Databricks Connect for Python ships with a pyspark binary which is a PySpark REPL (a Spark shell) configured to use Databricks Connect.
Start the shell
To start the Spark shell and to connect it to your running cluster, run the following command from your activated Python virtual environment.
Note
When started with no additional parameters, the shell picks up default credentials from the environment (for example, the DATABRICKS_ environment variables or the DEFAULT configuration profile) to connect to the Azure Databricks cluster. For information about configuring a connection, see Compute configuration for Databricks Connect.
pyspark
The Spark shell appears, for example:
Python 3.10 ...
[Clang ...] on darwin
Type "help", "copyright", "credits" or "license" for more information.
Welcome to
____ __
/ __/__ ___ _____/ /__
_\ \/ _ \/ _ `/ __/ '_/
/__ / .__/\_,_/_/ /_/\_\ version 13.x.dev0
/_/
Using Python version 3.10 ...
Client connected to the Spark Connect server at sc://...:.../;token=...;x-databricks-cluster-id=...
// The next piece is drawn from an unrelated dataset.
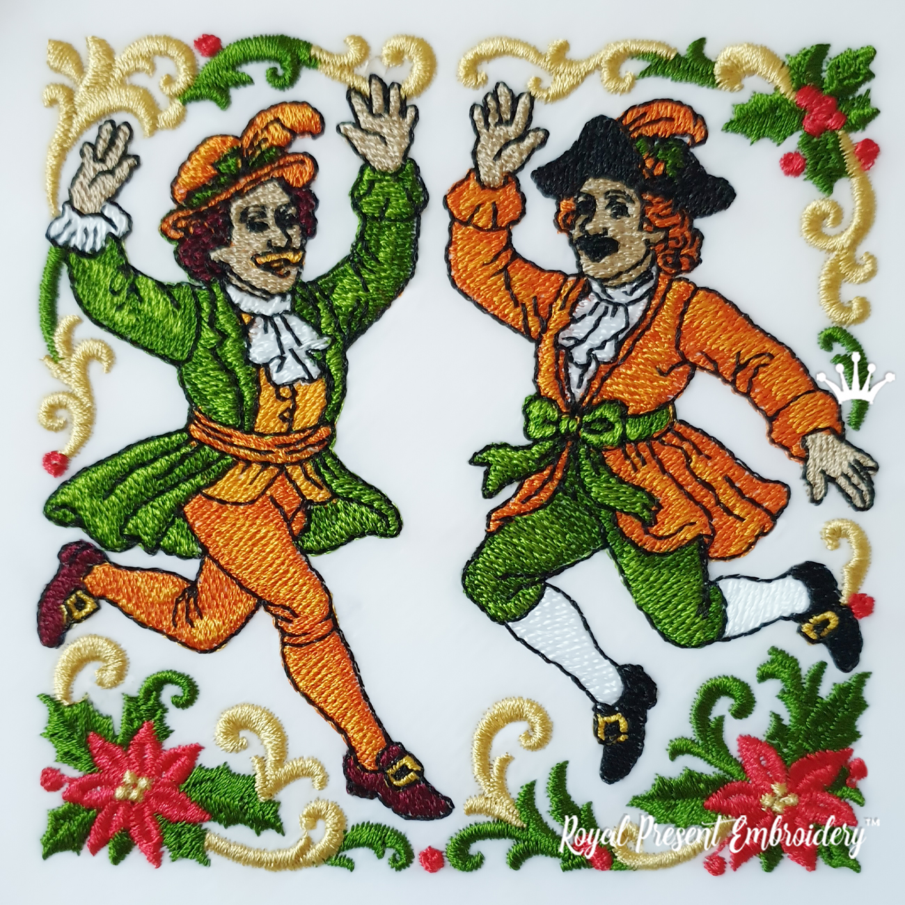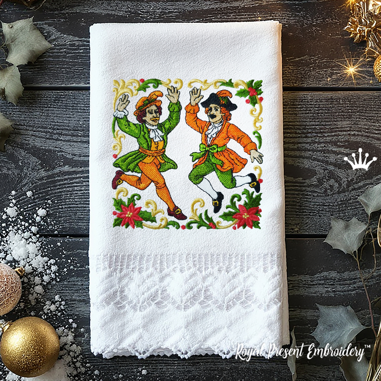 «Прыгающие Лорды» дизайн машинной вышивки — это изящный праздничный мотив, созданный для украшения зимнего текстиля. Он добавит утончённости кухонным полотенцам, салфеткам, декоративным мешочкам и даже элементам лоскутного шитья.

SparkSession available as 'spark'.
>>>
Once the shell starts up, the spark object is available to run Apache Spark commands on the Databricks cluster. Run a simple PySpark command, such as spark.range(1,10).show(). If there are no errors, you have successfully connected.
Use the shell
Refer to Interactive Analysis with the Spark Shell for information about how to use the Spark shell with Python to run commands on your compute.
Use the built-in spark variable to represent the SparkSession on your running cluster, for example:
>>> df = spark.read.table("samples.nyctaxi.trips")
>>> df.show(5)
+--------------------+---------------------+-------------+-----------+----------+-----------+
|tpep_pickup_datetime|tpep_dropoff_datetime|trip_distance|fare_amount|pickup_zip|dropoff_zip|
+--------------------+---------------------+-------------+-----------+----------+-----------+
| 2016-02-14 16:52:13| 2016-02-14 17:16:04| 4.94| 19.0| 10282| 10171|
| 2016-02-04 18:44:19| 2016-02-04 18:46:00| 0.28| 3.5| 10110| 10110|
| 2016-02-17 17:13:57| 2016-02-17 17:17:55| 0.7| 5.0| 10103| 10023|
| 2016-02-18 10:36:07| 2016-02-18 10:41:45| 0.8| 6.0| 10022| 10017|
| 2016-02-22 14:14:41| 2016-02-22 14:31:52| 4.51| 17.0| 10110| 10282|
+--------------------+---------------------+-------------+-----------+----------+-----------+
only showing top 5 rows
All Python code runs locally, while all PySpark code involving DataFrame operations runs on the cluster in the remote Azure Databricks workspace and run responses are sent back to the local caller.
Stop the shell
To stop the Spark shell, press Ctrl + d or Ctrl + z, or run the command quit() or exit().